Нет, не сдался, конечно, старый боец и в роковую для него минуту, когда остался он один против всех и мир рушился вокруг него. Когда в глазах вчерашних союзников и почитателей оказался он вдруг русофобом и изменником родины. «Если наш вызов не находит сочувствия, если в эту темную ночь ни один разумный луч не может проникнуть и ни одно отрезвляющее слово не может быть слышно за шумом патриотической оргии, мы остаёмся одни с нашим протестом, но не оставим его. Повторять будем мы его для того, чтобы было свидетельство, что во время общего опьянения узким патриотизмом были же люди, которые чувствовали в себе силу отречься от гниющей империи во имя будущей нарождающейся России, имели силу подвергнуться обвинению в измене во имя любви к народу русскому».
Это были гордые слова. Только повторять их, увы, не имело смысла: Россия больше не слышала Герцена. «Нам пора в отставку, — писал он Огареву, — жернов останавливается, мы толчем воду, окруженные смехом... Россия глуха». Став, как он и хотел, «голосом страдающих» в России, он потерял всё. И тогда он вынес себе самый жестокий из всех возможных для него приговоров: он приговорил себя к молчанию. Теперь оставалось ему «лишь скрыться где-нибудь в глуши, скорбя о том, что ошибся целой жизнью».

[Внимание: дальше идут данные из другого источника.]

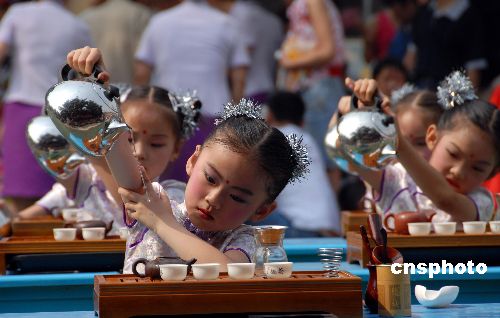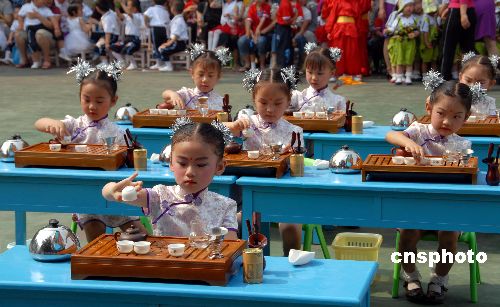 5月29日,河南省濮阳市中原油田基地第十三幼儿园的孩子们,在迎“六一”联欢会上,进行了传统茶艺文化节目表演。目前,这个油田8所幼儿园共同承担了国家礼仪品格教育课题,通过对中国古老文化的学习和了解,让孩子们学礼、知礼、懂礼、用礼。中新社发 胡庆明 摄

Сломленный, он и впрямь недолго после этого прожил. И умер в безвестности, на чужбине, полузабытый друзьями и оклеветанный врагами. Похороны Герцена, по свидетельству Петра Боборыкина, «прошли более чем скромно, не вызвали никакой сенсации, никакого чествования его памяти. Не помню, чтобы проститься с ним на квартиру или на кладбище явились крупные представители тогдашнего литературного и журналистского мира, чтобы произошло что-нибудь хоть и на одну десятую напоминающее прощальное торжество с телом Тургенева в Париже перед увозом его в Россию».